Picture by Penny Juncker |
Listening this morning to Arlo Guthrie and Jim Wilson’s
new version of “Hard Times Come Again No More.” I began to understand some of
the vitriol, conspiracy mania, and slander heaped upon many public officials
and the medical professions. And here I am thinking of people I know, people I
am close to, who are not usually inclined to vent so ardently against others. I
know there are those who purposely and with evil intent invent outlandish tales
of conspiracy against others, but these are not the people that have initiated
my concern. I am Reformed after all and “What is the matter with you people” is
my byword as long as it includes myself.
But watching the depression photographs in the video I
realized so many have no memory of those hard times or of the devastating losses
of World War II. And if they are not particularly interested in history they will
not have absorbed the pain and sorrow of that time or any other time for that
matter. It seems to me, we Americans, at least in the last few decades, insist
on everything turning out rosy. We build our hopes on Shangri-La and reach for
idealistic dreams. Added to this sense of optimism is a belief that it is
possible to know the exact reason why something has happened and the way it has
happened and thus to swiftly end any intruding evil.
For instance, some insist that covid-19 occurred because
a person or a group or an organization manufactured it as a means of destroying
enemy’s lives. Or, so many people have died because politicians, or/and medical
groups or/and a particular political party are lying about the cure. Or, it’s a
lie that so many people have died, with multiple explanations for the lie.

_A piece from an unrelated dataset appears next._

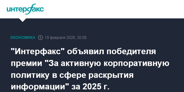 "Интерфакс" объявил победителя премии "За активную корпоративную политику в сфере раскрытия информации" за 2025 г.

The real truth gets lost in our rejection of truth—we are
suffering—more suffering is ahead of us—we must gather strength and hope from
somewhere beyond answers that are materialistic, conspiratorial and slanderous.

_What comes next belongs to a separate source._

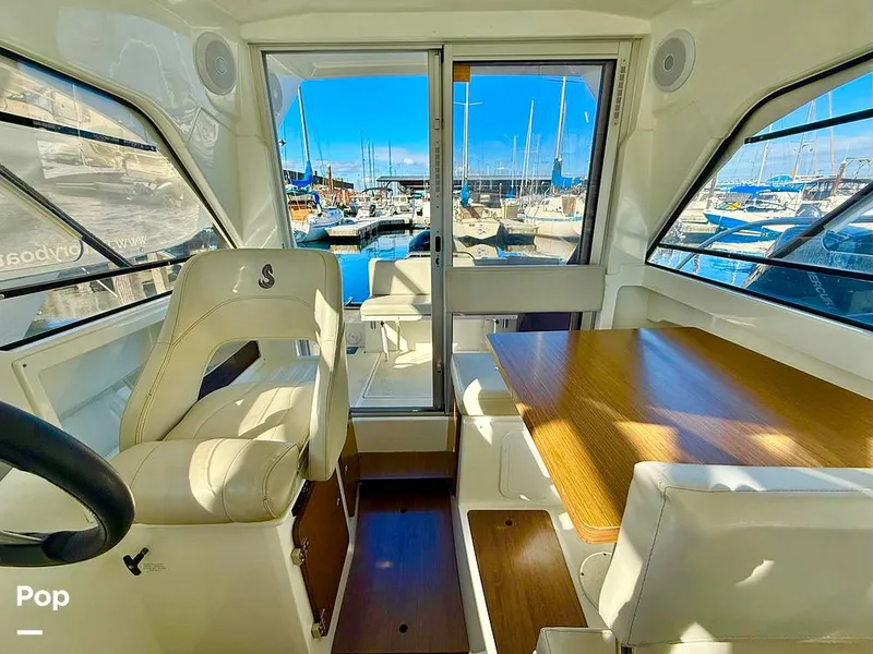 A large sliding door opens into a bright and airy cabin surrounded by panoramic glazed windows, providing exceptional visibility and ventilation. Powered by a reliable and efficient Mercury 150 HP engine, this nearly new Antares 7 delivers smooth, confident handling with impressive fuel economy -- perfect for long days exploring or cruising the Puget Sound.

The truthful answer will not be to dissuade or dispose of enemies who are supposedly
seeking our harm. The truthful answer will not be to ignore the mandates of safety
for this particular moment in our history. The truthful answer is—we are
suffering—God help us!
Recently a friend suggested I watch a movie about
Lilias Trotter a 19th century artist and missionary to Algeria. In
the movie, “Many Beautiful Things” Trotter’s potential to become a famous
artist is sacrificed for the sake of following Christ to North Africa. One of
her beautiful statements is:
Measure thy life by loss not by gain, not by
the wine drunk but by the wine poured forth for love’s strength standeth in
love’s sacrifices.
The life God calls us to, in the midst of pandemic, brutal
riots and police brutality, aims us straight into His love. His intention is to
pour, through us, His love out upon the worlds we inhabit. Our time, this day,
this year, the years to come, are times to draw near to Jesus, to think on His
cross, to rest in his love, to walk in his love.

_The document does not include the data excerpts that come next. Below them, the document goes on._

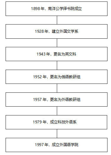新葡萄8883官网AMG官网外语教育历史悠久,发端于交通大学的前身“南洋公学”创立之初所设立的译书院——近代中国历史上第一所高校出版兼翻译机构。1928年成立外国文学系,1943年更名为英文科,1952年更名为俄语教研组,1957年更名为外语教研组,1979年成立科技外语系,1997年正式成立新葡萄8883官网AMG官网。
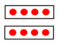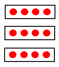 Mỗi tấm thẻ có `4` chấm tròn. Lần lượt lấy ra `1,2,3` tấm thẻ rồi nêu các phép nhân tương ứng:
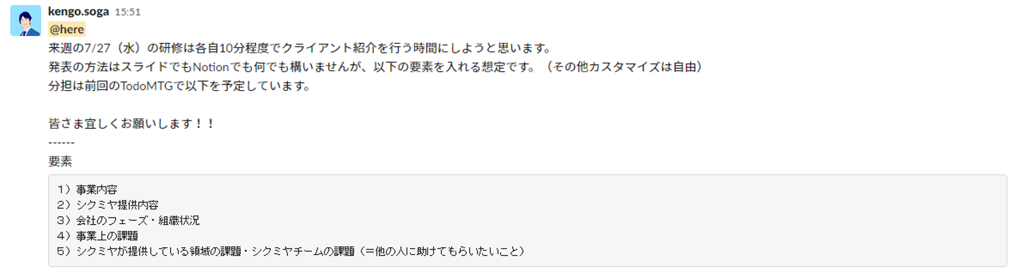 メンバーに広範な知識やスキルを身に着けて欲しいというのも研修を行う目的ですが、コンサルティングファームである以上、メンバーがプレゼンスキルや教えるスキルを磨くことが研修の最大の狙いでもあります
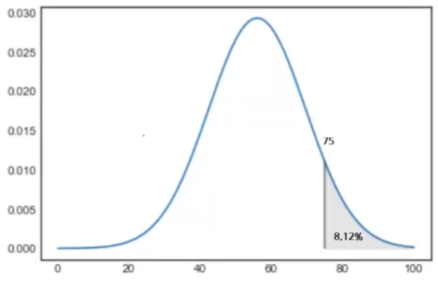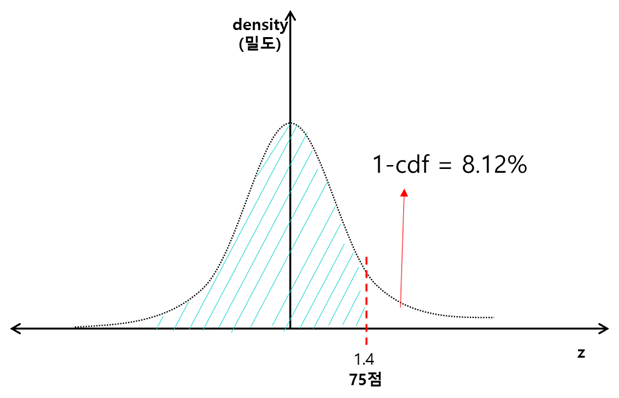 ex) 시험 점수가 정규분포를 따른다고 가정할 경우, 평균 점수가 56점이고, 표준편차가 13.6인 경우 75점 이상을 받은 학생들은 몇%인가

If we have lost, in these hard times, faith in
humanity—good—now we will have a deeper faith in Jesus. We will cling to the
brother and sister who in their weakness and humility still holds to Jesus. We
will find in Jesus the government, the kingdom, the joy, that this time, this
place cannot give.
Blessed
be the God and Father of our Lord Jesus Christ, who according to His great
mercy has caused us to be born again to a living hope through the resurrection
of Jesus Christ from the dead, to obtain an inheritance which is imperishable
and undefiled and will not fade away, reserved in heaven for you, who are protected
by the power of God through faith for a salvation ready to be revealed in the
last time.
In
this you greatly rejoice, even though now for a little while, if necessary, you
have been destressed by various trials, so that the proof of your faith being
more precious than gold which is perishable, even though tested by fire, may be
found to result in praise and glory and honor at the revelation of Jesus Christ;
and though you have not seen Him, you love Him, and though you do not see Him
now, but believe in Him, you greatly rejoice with joy inexpressible and full of
glory, obtaining as the outcome of your faith the salvation of your souls. (1
Peter 1: 3-9)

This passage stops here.